How many times have to posted to a forum such as SQLServerCentral, 4GuysFromRolla, or StackOverflow looking for an answer to a problem?  You’re posting your issue to a wide audience, hoping that someone will have an answer.  An online network is useful in serving that purpose.

Above all, be yourself.  If there’s one thing I’ve learned, it’s that I shouldn’t try to be someone I’m not.  I’ve written before about how difficult it is to keep up with current trends.  Maybe it’s time to reinvent yourself.  Figure out who you are and stick with it.  Don’t waste your time trying to build up your online persona into someone you’re not.

Even online, etiquette matters.  People are more likely to networking with people they like.  Maintaining good etiquette goes a long way in accomplishing that.

There are some things you shouldn’t post online.  Do you really want the entire world, much less, professional contacts, to know all about the multi-keg drunk fest you had with your buddies?  What about the sordid details of the night that you had with the girl or guy you picked up the other night?  Granted, these are extreme examples, but nevertheless, there are some things I wouldn’t even want to share with my best friends, much less, business contacts.  This should be common sense, but it’s amazing (and not in a good way) how many people don’t think about this.

As I stated before, it’s entirely possible that your next manager or business contact could be one of your Facebook friends.  While it’s probably safe to post pictures of your vacation, your kids, or your cats, there are some things that you just shouldn’t post online.

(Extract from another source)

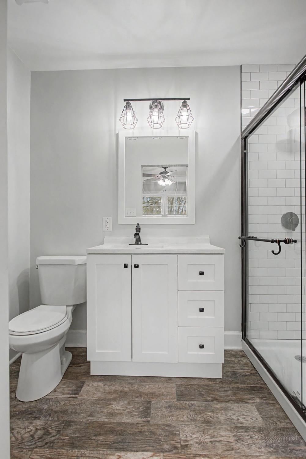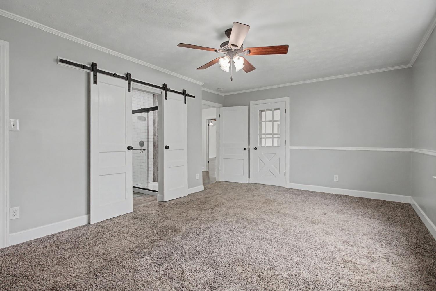 Beautiful 3-bedroom, 2 bath home situated on a spacious 2-acre lot in a quiet neighborhood in desirable Centerville. The stunning living room is the heart of the home, featuring soaring vaulted ceilings with a unique white shiplap finish, hardwood floors, a cozy gas fireplace, and two large ceiling fans. French doors lead to the bedroom wing, creating both charm and functionality. The kitchen offers granite countertops, white shaker cabinetry, and tile flooring with plenty of space for gathering and everyday living. Bedrooms are generously sized, and the primary bath includes vinyl flooring, a walk-in shower, and stylish barn doors for added character. Enjoy peaceful country living with room to spread out while still being conveniently located near town amenities. This property offers the perfect blend of comfort, style, and space both inside and out.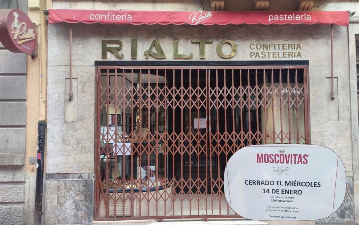 La dirección de la histórica confitería Rialto, ubicada en pleno centro de Oviedo, ha tomado la decisión sin precedentes de cerrar sus puertas durante un día ante el desconcierto de ovetenses y turistas, que ven cómo un establecimiento emblemático que presume de abrir los 365 días del año ha colgado el cartel de 'cerrado'.

While we’re on the subject of inappropriate things online…

There are pitfalls.  As much as I extol the virtues of online networking, it is not perfect, either.  Data security can be an issue.  There are spammers looking to scam you or make a fast buck.  People establish fake accounts for questionable purposes.  In this day and age of “fake” news, misinformation can spread like wildfire.

Despite the pitfalls that can come with online networking, they should not discourage you from establishing an online presence.  Used wisely and intelligently, online networking can enhance your career.

If you want to be more effective with professional networking, especially in this electronic interconnected age, you need to be able to do it online.  Making use of social media can go a long way in extending your networking reach.